* _Information shown_:

_ _ _ _

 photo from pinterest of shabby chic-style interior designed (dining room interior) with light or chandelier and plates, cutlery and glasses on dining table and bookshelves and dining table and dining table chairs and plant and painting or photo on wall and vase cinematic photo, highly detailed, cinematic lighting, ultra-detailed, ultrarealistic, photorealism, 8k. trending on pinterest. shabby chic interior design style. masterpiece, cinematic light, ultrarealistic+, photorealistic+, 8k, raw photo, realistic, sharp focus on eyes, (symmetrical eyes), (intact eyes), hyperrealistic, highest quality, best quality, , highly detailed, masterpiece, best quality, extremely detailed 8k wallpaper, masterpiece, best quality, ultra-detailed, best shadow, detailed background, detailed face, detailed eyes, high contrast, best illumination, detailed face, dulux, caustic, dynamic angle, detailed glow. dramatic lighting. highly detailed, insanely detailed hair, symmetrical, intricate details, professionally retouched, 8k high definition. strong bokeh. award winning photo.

_ _ _ _

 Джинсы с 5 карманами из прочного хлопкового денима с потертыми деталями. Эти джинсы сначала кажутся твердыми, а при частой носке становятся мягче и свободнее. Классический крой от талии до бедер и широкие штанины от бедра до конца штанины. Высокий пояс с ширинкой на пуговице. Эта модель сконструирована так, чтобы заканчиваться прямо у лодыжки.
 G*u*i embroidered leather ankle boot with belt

_ _ _ _

* _The task_:
Go through the records. Copy each line where "with" appears.

* _Solution to this task_:
 photo from pinterest of shabby chic-style interior designed (dining room interior) with light or chandelier and plates, cutlery and glasses on dining table and bookshelves and dining table and dining table chairs and plant and painting or photo on wall and vase cinematic photo, highly detailed, cinematic lighting, ultra-detailed, ultrarealistic, photorealism, 8k. trending on pinterest. shabby chic interior design style. masterpiece, cinematic light, ultrarealistic+, photorealistic+, 8k, raw photo, realistic, sharp focus on eyes, (symmetrical eyes), (intact eyes), hyperrealistic, highest quality, best quality, , highly detailed, masterpiece, best quality, extremely detailed 8k wallpaper, masterpiece, best quality, ultra-detailed, best shadow, detailed background, detailed face, detailed eyes, high contrast, best illumination, detailed face, dulux, caustic, dynamic angle, detailed glow. dramatic lighting. highly detailed, insanely detailed hair, symmetrical, intricate details, professionally retouched, 8k high definition. strong bokeh. award winning photo.
 G*u*i embroidered leather ankle boot with belt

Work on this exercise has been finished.